- **The data**:

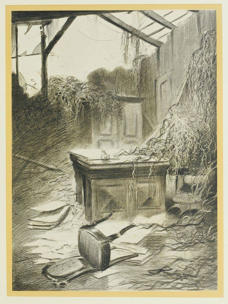 Elle se referma soudain en claquant. Les rideaux de mon cabinet flottaient au courant d’air de la fenêtre ouverte, la fenêtre de laquelle l’artilleur et moi nous avions guetté l’aurore. Depuis lors, personne ne l’avait fermée. Les bouquets d’arbustes écrasés étaient encore tels que je les avais laissés quatre semaines auparavant. Je trébuchai dans le vestibule et la maison sonna le vide. L’escalier était taché et sale à l’endroit où, trempé jusqu’aux os par l’orage, je m’étais laissé tomber, la nuit de la catastrophe. En montant, je trouvai les traces boueuses de nos pas.
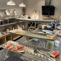 這些年每次出差過來都會住在這裏,重新裝修後衞生、設施、住宿環境,在商務酒店裡還算不錯的。 衹是早餐真的很無語,10點閉餐,9點多一點去的,已經沒什麼了,要求再添加一些被告知有什麼吃什麼吧……9:20左右就已經開始收拾了,最後實在沒什麼可吃的,要求添點哈密瓜吧,被告知沒有,熱牛奶的機器也早早被關掉了,總之品種本來就不多,最後衹能是剩什麼吃什麼。
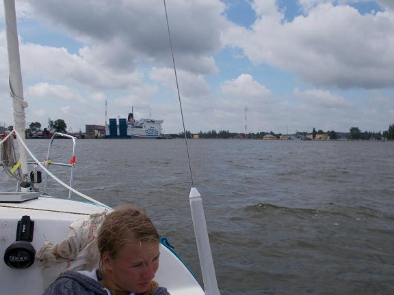 Swinemünde kommt in Sicht. Allerhand Verkehr hier. Ein Frachter schert plötzlich aus der Fahrrinne aus und fährt einen Vollkreis. Bis ich begreife, dass das ein Ankermanöver werden soll, vergeht eine Weile.
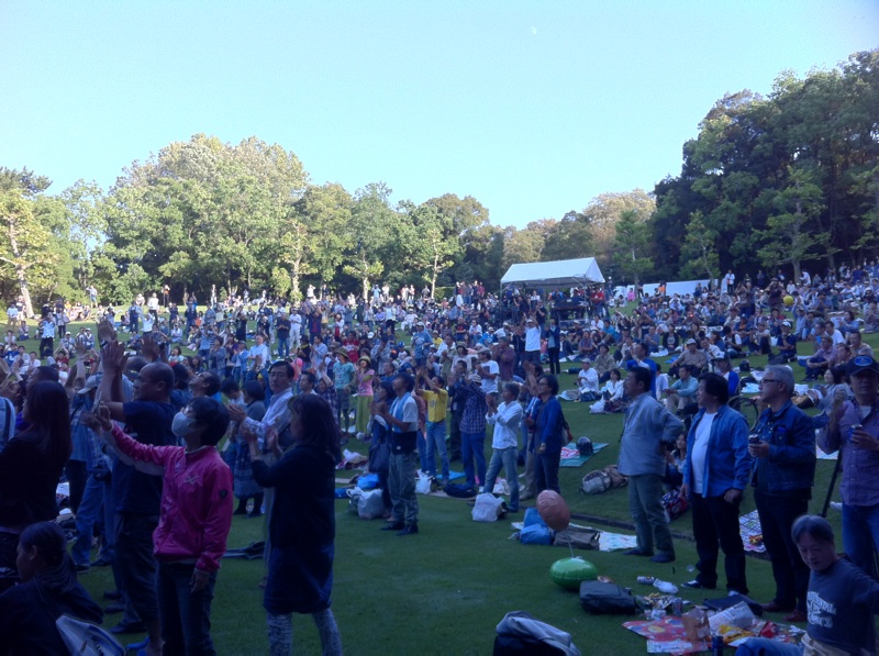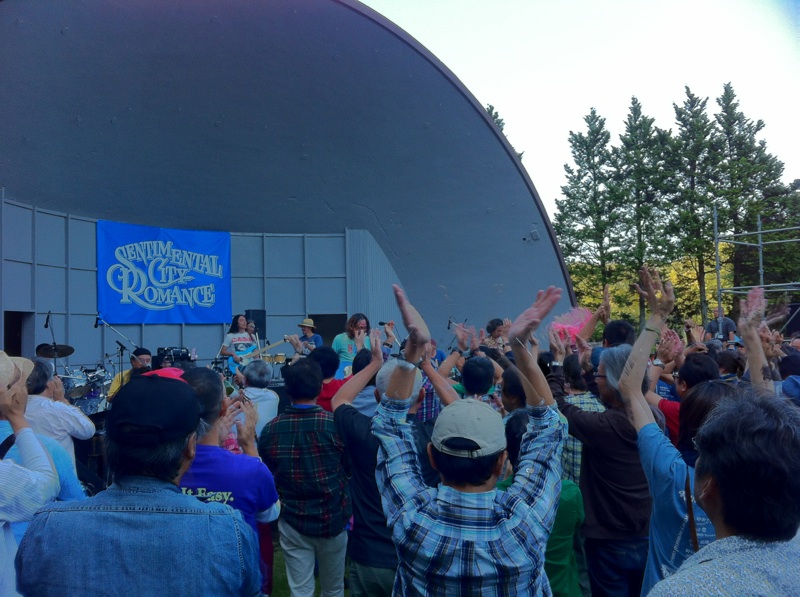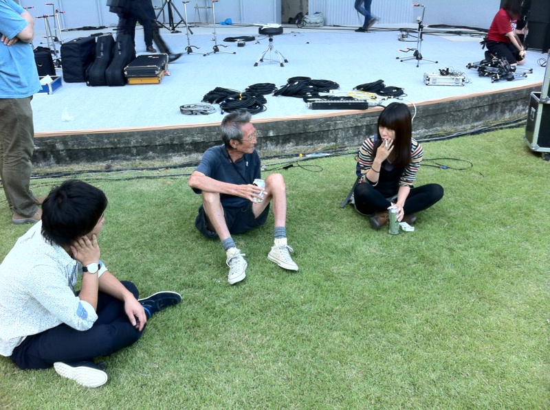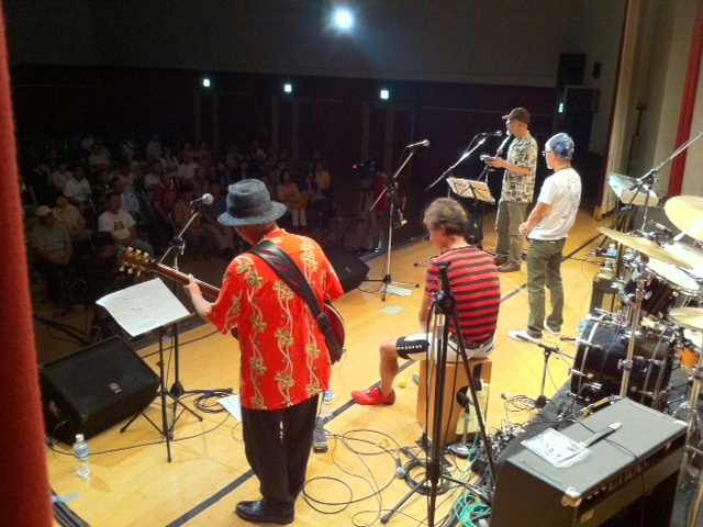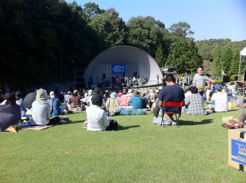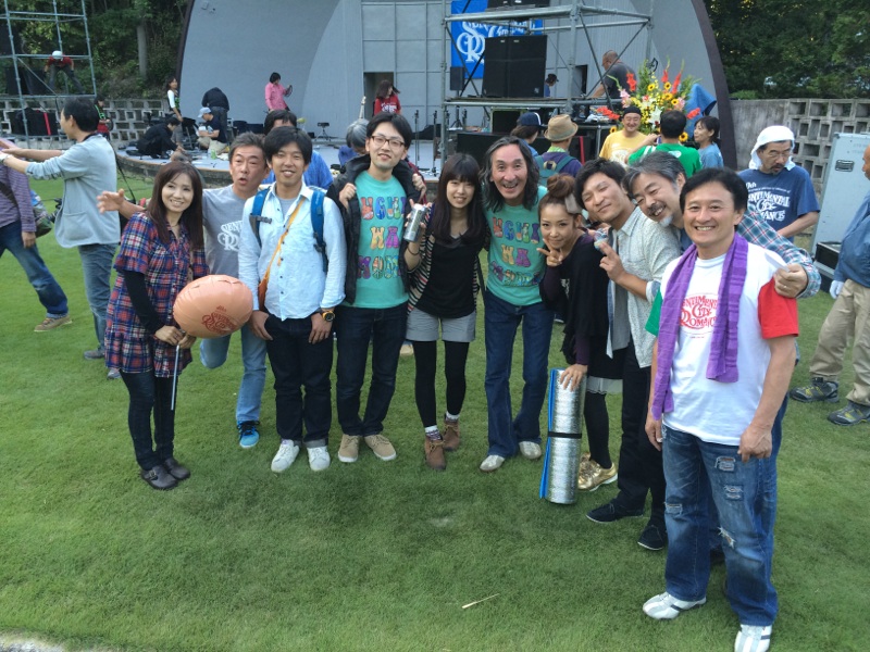 at 愛知県森林公園 芝生がふかふか、 センチがほかほか。 40周年フリーライブ。 お気に入りの丹後宮津のオイルサーディンもちこみ。 なにがよかったって、 「一緒に行きたい」って自主的に言ってきたのが みんな若いやつだったってこと。 昨日のライブでは、ほんとにジャンルも世代もなにも垣根がなかったように感じました。 日本にこういうバンドがあって、こういうバンドをずっと好きでよかったって、 芝生に寝転がりながらしみじみ思ったのでした。 督さんは初めて会ったときから何年経っても調子いいしね。(笑) それと、昨日は僕が初めてセンチに出会ったときのドラマーである近藤さん(写真右端)に会えたのがうれしかったなぁ。 この図が最高にいいね。 太陽の賛歌♪すごかったね。若者もどっぷり呑み込まれてた。 一度気に入ると・・・気になり・・・知りたくなる。 そう9/23に茨木であった「麦音」っていうイベント。 地ビールを楽しみながら音楽を一緒に楽しんじゃおうっていうイベントで、全国の地ビールと茨木の美味いもん処が集まってて、『美味しいビールと美味しい食べ物』って言う最高に入りやすい「入り口」が用意されてるんですが・・・ さて音楽はといえば、真昼間から平気で日本を代表するようなプログレッシヴバンドが演奏してるっていう日本最強くらいにマニアックで(笑) とにかく、そこで今回出合った地ビールが美味しくて。 その銘柄は、京都京北周山町にある羽田酒造の「周山街道地ビール」 お味は三種類。 実はそこいらで手に入るビールじゃなくて、先週は京都で売ってるショップに買いに行ったくらい。 家に持ち帰って飲んでみれば、その場で樽から注いでもらうのよりは少しは落ちる気はしたけどやはり美味しい! で、イベントのときのスタッフの方がとてもいい感じ(そりゃ10杯以上飲みにくれば愛想も良くなるわな笑)だったのでどうしてもこの美味いビールをつくる会社も気になって、今週はとうとう行って来ました! 山を越えて。 ここです、羽田酒造。 ショップがあるわけではなく古い木造の事務所に案内されて色々お話もさせていただいて和やかムード。 思ってた通りの雰囲気。あぁこのビール好きになってよかった!と。 持ち帰りのビールの注文。 知りたくなるから来ましたが、ここまでしてほんとに納得!そして満足!! このビールとのお付き合いは始まったばかりです。 ありがとう麦音フェスタ! 厳しいことを言っても 家に帰ったらツイッターで愚痴つぶやいて ガス抜きされて終わるだけやけどね。(笑) 今も昔も楽すりゃ堕落。 でも、 ほんまに楽しかったら 苦を越えられる。 そう、 苦になんて感じないし むしろ楽しいと感じるはず。 それも、今も昔も変わらない。 苦しいのは越えずにそのままその場にいること。 そこでみんな楽しいフリをしてること。 いまや高校生の頃から 音楽もやっぱり「人」・・・って 僕みたいなおっさんが言うような言葉が先行してて。。。 そうしてるうちに「人」っていうのが 自分にとって「都合のいい人」にばかりになってて 居心地はいいんだろうけど 「楽」と「楽しい」は違うんやで、「音・楽」。 ◆2013/7/20(土) "Sentimental City Roamance 40周年LIVE"~えんでにゃ~の!大阪~ センチメンタル・シティ・ロマンス :告井延隆(Vo&Gt)中野督夫(Vo&Gt)細井 豊(Key)野口明彦(Dr)瀬川信二(Ba) センチ40周年。 僕の信じた32年は正しかったんだ。 そんな40周年。 でも、気を緩めてはいけない今日の40周年。 アンコールでの「うちわもめ♪」でみんな我慢できなくて立っちゃった! いいなぁ。 この感じ、僕の知ってるライブハウスだわ! 予定外だったことは、あの福岡風太さんが舞監だったこと。 そして別れ際に「よくやったよ」って言ってもらえたこと。 それはやっと「ライブハウスやっていいよ」っていう一言をいただけたことに等しいと感じました。 その言葉を胸に僕なりに続けていきます。 ありがとうございます。 最後に初めて「写真撮っていただいていいですか?」とお願いしました。 ◆7/17(水) 鈴木トオルA!CLOVER 鈴木トオル(Vo.Gt/LOOK)江口正祥(Gt)伊藤広規(Ba)向山テツ(Dr) オープニングアクト:ローリーポーリー 記録写真獲るとこも忘れてました。 広規さん、テツさん、ありがとうございます! トオルさん、最高! 江口さんウハウハ! 予感ってあるんです。 期待とは別に。 昨夜の鈴木トオルA!CLOVERのライブはまさに予感が的中。伝説的な日になったんじゃないでしょうか? お客さんとバンドで高速キャッチボールが生まれて、そのやり取りに。。。 もうやられまくりの日でした。 きっとジャックライオンならではのライブになったんじゃないかと思うと胸が熱くなりました。 泣いた。 一緒にライブを作っていただいた皆さんありがとうございました! 追記 スタッフの方からいただきました!写真。 ◆2013年7月16日(火) 向山テツドラムクリニック「テツだよ~ん。」 向山テツ師匠。 そして高兄、涼介。 他にも個性あふれるドラマーが参戦してくれた向山

- **Aim of the task**: Quote all the lines above exactly as given. Do not include the pictures.

- **Task solution**:
 Elle se referma soudain en claquant. Les rideaux de mon cabinet flottaient au courant d’air de la fenêtre ouverte, la fenêtre de laquelle l’artilleur et moi nous avions guetté l’aurore. Depuis lors, personne ne l’avait fermée. Les bouquets d’arbustes écrasés étaient encore tels que je les avais laissés quatre semaines auparavant. Je trébuchai dans le vestibule et la maison sonna le vide. L’escalier était taché et sale à l’endroit où, trempé jusqu’aux os par l’orage, je m’étais laissé tomber, la nuit de la catastrophe. En montant, je trouvai les traces boueuses de nos pas.
 這些年每次出差過來都會住在這裏,重新裝修後衞生、設施、住宿環境,在商務酒店裡還算不錯的。 衹是早餐真的很無語,10點閉餐,9點多一點去的,已經沒什麼了,要求再添加一些被告知有什麼吃什麼吧……9:20左右就已經開始收拾了,最後實在沒什麼可吃的,要求添點哈密瓜吧,被告知沒有,熱牛奶的機器也早早被關掉了,總之品種本來就不多,最後衹能是剩什麼吃什麼。
 Swinemünde kommt in Sicht. Allerhand Verkehr hier. Ein Frachter schert plötzlich aus der Fahrrinne aus und fährt einen Vollkreis. Bis ich begreife, dass das ein Ankermanöver werden soll, vergeht eine Weile.
 at 愛知県森林公園 芝生がふかふか、 センチがほかほか。 40周年フリーライブ。 お気に入りの丹後宮津のオイルサーディンもちこみ。 なにがよかったって、 「一緒に行きたい」って自主的に言ってきたのが みんな若いやつだったってこと。 昨日のライブでは、ほんとにジャンルも世代もなにも垣根がなかったように感じました。 日本にこういうバンドがあって、こういうバンドをずっと好きでよかったって、 芝生に寝転がりながらしみじみ思ったのでした。 督さんは初めて会ったときから何年経っても調子いいしね。(笑) それと、昨日は僕が初めてセンチに出会ったときのドラマーである近藤さん(写真右端)に会えたのがうれしかったなぁ。 この図が最高にいいね。 太陽の賛歌♪すごかったね。若者もどっぷり呑み込まれてた。 一度気に入ると・・・気になり・・・知りたくなる。 そう9/23に茨木であった「麦音」っていうイベント。 地ビールを楽しみながら音楽を一緒に楽しんじゃおうっていうイベントで、全国の地ビールと茨木の美味いもん処が集まってて、『美味しいビールと美味しい食べ物』って言う最高に入りやすい「入り口」が用意されてるんですが・・・ さて音楽はといえば、真昼間から平気で日本を代表するようなプログレッシヴバンドが演奏してるっていう日本最強くらいにマニアックで(笑) とにかく、そこで今回出合った地ビールが美味しくて。 その銘柄は、京都京北周山町にある羽田酒造の「周山街道地ビール」 お味は三種類。 実はそこいらで手に入るビールじゃなくて、先週は京都で売ってるショップに買いに行ったくらい。 家に持ち帰って飲んでみれば、その場で樽から注いでもらうのよりは少しは落ちる気はしたけどやはり美味しい! で、イベントのときのスタッフの方がとてもいい感じ(そりゃ10杯以上飲みにくれば愛想も良くなるわな笑)だったのでどうしてもこの美味いビールをつくる会社も気になって、今週はとうとう行って来ました! 山を越えて。 ここです、羽田酒造。 ショップがあるわけではなく古い木造の事務所に案内されて色々お話もさせていただいて和やかムード。 思ってた通りの雰囲気。あぁこのビール好きになってよかった!と。 持ち帰りのビールの注文。 知りたくなるから来ましたが、ここまでしてほんとに納得!そして満足!! このビールとのお付き合いは始まったばかりです。 ありがとう麦音フェスタ! 厳しいことを言っても 家に帰ったらツイッターで愚痴つぶやいて ガス抜きされて終わるだけやけどね。(笑) 今も昔も楽すりゃ堕落。 でも、 ほんまに楽しかったら 苦を越えられる。 そう、 苦になんて感じないし むしろ楽しいと感じるはず。 それも、今も昔も変わらない。 苦しいのは越えずにそのままその場にいること。 そこでみんな楽しいフリをしてること。 いまや高校生の頃から 音楽もやっぱり「人」・・・って 僕みたいなおっさんが言うような言葉が先行してて。。。 そうしてるうちに「人」っていうのが 自分にとって「都合のいい人」にばかりになってて 居心地はいいんだろうけど 「楽」と「楽しい」は違うんやで、「音・楽」。 ◆2013/7/20(土) "Sentimental City Roamance 40周年LIVE"~えんでにゃ~の!大阪~ センチメンタル・シティ・ロマンス :告井延隆(Vo&Gt)中野督夫(Vo&Gt)細井 豊(Key)野口明彦(Dr)瀬川信二(Ba) センチ40周年。 僕の信じた32年は正しかったんだ。 そんな40周年。 でも、気を緩めてはいけない今日の40周年。 アンコールでの「うちわもめ♪」でみんな我慢できなくて立っちゃった! いいなぁ。 この感じ、僕の知ってるライブハウスだわ! 予定外だったことは、あの福岡風太さんが舞監だったこと。 そして別れ際に「よくやったよ」って言ってもらえたこと。 それはやっと「ライブハウスやっていいよ」っていう一言をいただけたことに等しいと感じました。 その言葉を胸に僕なりに続けていきます。 ありがとうございます。 最後に初めて「写真撮っていただいていいですか?」とお願いしました。 ◆7/17(水) 鈴木トオルA!CLOVER 鈴木トオル(Vo.Gt/LOOK)江口正祥(Gt)伊藤広規(Ba)向山テツ(Dr) オープニングアクト:ローリーポーリー 記録写真獲るとこも忘れてました。 広規さん、テツさん、ありがとうございます! トオルさん、最高! 江口さんウハウハ! 予感ってあるんです。 期待とは別に。 昨夜の鈴木トオルA!CLOVERのライブはまさに予感が的中。伝説的な日になったんじゃないでしょうか? お客さんとバンドで高速キャッチボールが生まれて、そのやり取りに。。。 もうやられまくりの日でした。 きっとジャックライオンならではのライブになったんじゃないかと思うと胸が熱くなりました。 泣いた。 一緒にライブを作っていただいた皆さんありがとうございました! 追記 スタッフの方からいただきました!写真。 ◆2013年7月16日(火) 向山テツドラムクリニック「テツだよ~ん。」 向山テツ師匠。 そして高兄、涼介。 他にも個性あふれるドラマーが参戦してくれた向山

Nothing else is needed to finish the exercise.